The Immigration Law puts into immediate
enforcement regulations that make illegal aliens liable to be charged with a
felony and subject to imprisonment until deportation.
Jack Gardner, a border official stationed at
Tijuana, reported lines of cars six miles long waiting to cross over into
Mexico. “They’ve been coming since last night,” the man stated. “We can’t
check them through fast enough.”
A farmer in Watsonville, California, who wished
to remain anonymous, told reporters that he was short-handed. “I just put in
twenty-five acres of strawberry plants and this morning thirty-seven of my best
field hands were gone. What am I supposed to do now? Those plants are going to
dry up and die. I can’t run this farm with only seven men.”
In addition to delineating who is
a legal immigrant, the new Law recognizes English as the official language of
the United States.
In order to establish language standards,
President Bush announced the creation of a new government department: the
Academy of Standard Superior American Language and Literature (A.S.S.A.L.L) The
Academy will be governed by a board of directors. President Bush appointed Dr.
Marvin Stickler to the position of president of the new A.S.S.A.L.L board. Dr.

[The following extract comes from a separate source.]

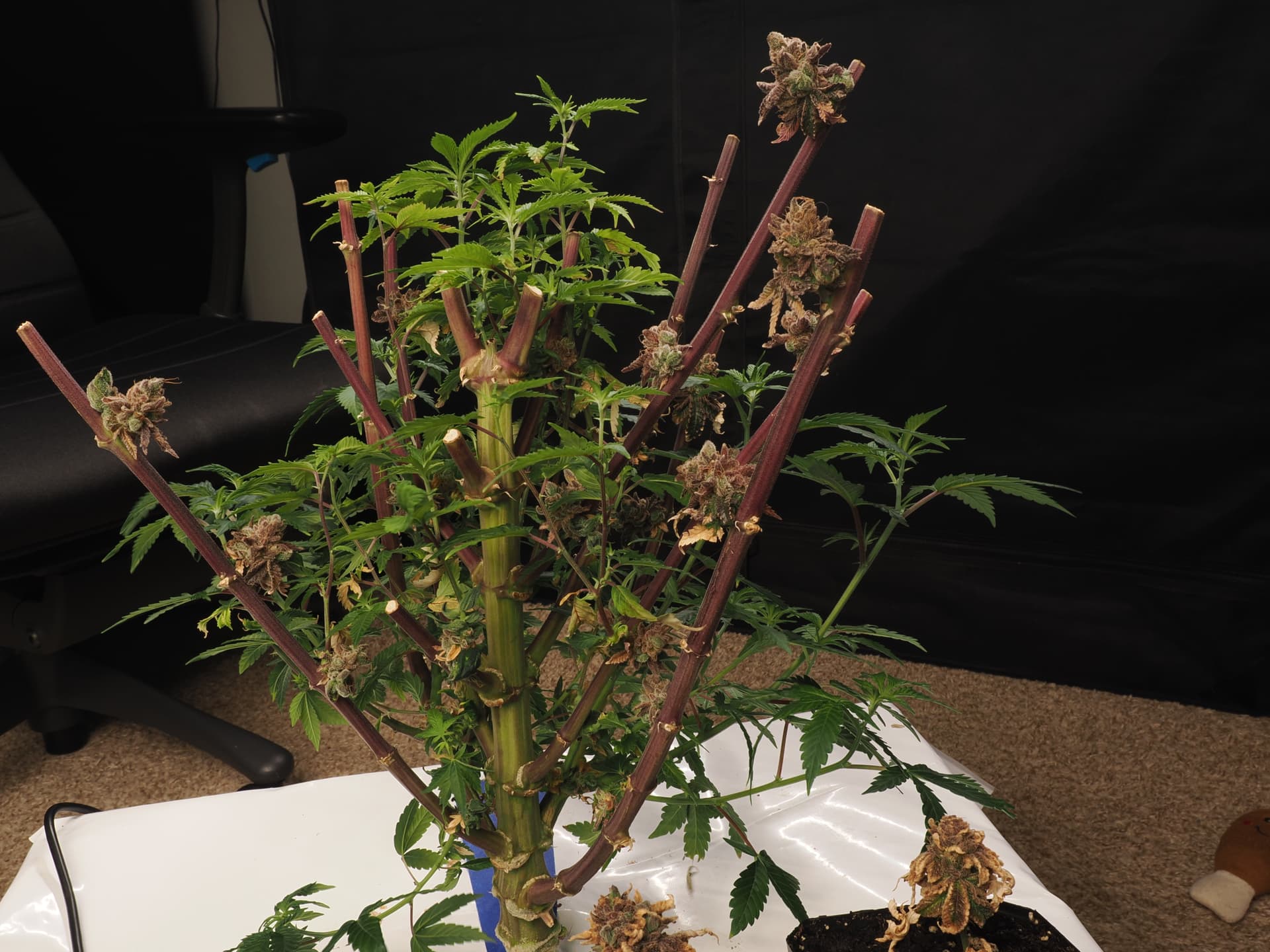 When I harvested the plant I didn’t cut it down. I left about a dozen of the lower buds, no fan leaves other than the buds. I left it under light for 24 hours for 2 months before she started pushing new growth. Once she grows out more I’ll take a bunch of cuttings and run a full 4x4 of just her.
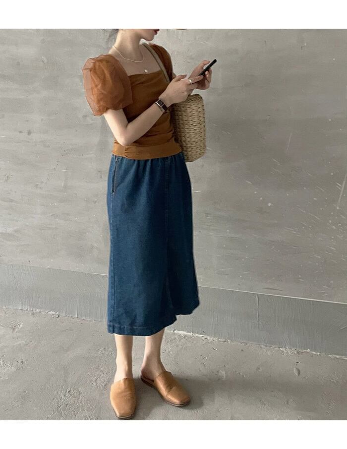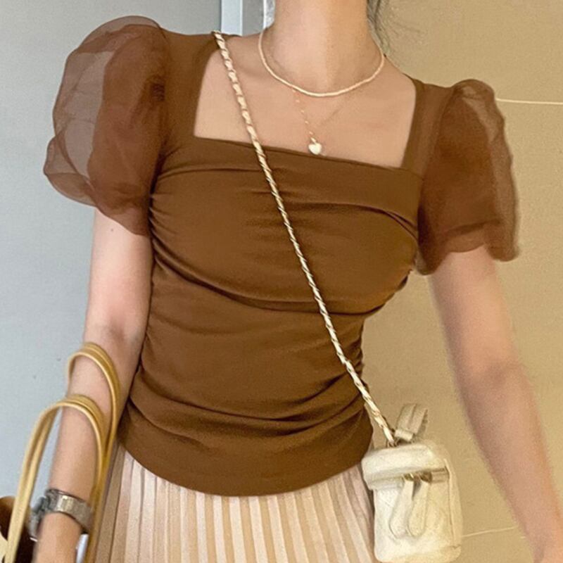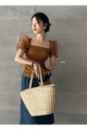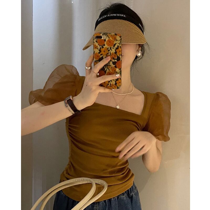 サマースタイルカラースリムフィットスリーブシャツ レディース 夏物 スクウェア ステッチ 7/20 mi461674358789

Stickler will be leaving his post as Professor Emeritus at Texas A and M to
assume the position.
After meeting with his committee, Dr. Stickler
held a press conference where he announced resolutions that will go into effect
immediately: 1) All holders of green cards or visitor visas aged 18 or older are
allowed one year to acquire English. They must take an examination to determine
their proficiency in Standard American English. Those who do not pass the exam
will be deported to their countries of origin. 2) All U.S. citizens employed by
the government or any agency receiving federal funds will be required to take an
oral English exam. Speakers of English whose accents are influenced too
strongly by their first language will be allowed two months of remedial oral
English courses and retested. Those who do not pass the second exam will be
terminated.
Dr. Arjun Gandarva, a resident physician at the
Veteran’s Administration Hospital in West Los Angeles, was one of several
government employees to participate in the pilot oral English exam. Dr.
Gandarva stated, “The pilot exam I have taken is most rigorous. After ten years
as a practicing physician in this country, I failed the examination. My family
and I are now making plans to return to India. I am sure we will be welcomed
there.”
Funding for A.S.S.A.L.L. will be taken from the
Department of Education’s Title I (Special Education) and Title III (English as
a Second Language) programs. Tests will be administered from 8 am to 10 am in
public school cafeterias throughout the country. The free breakfast programs
for needy children will be suspended to accommodate the testing. Further
information can be obtained by calling the nearest INS office.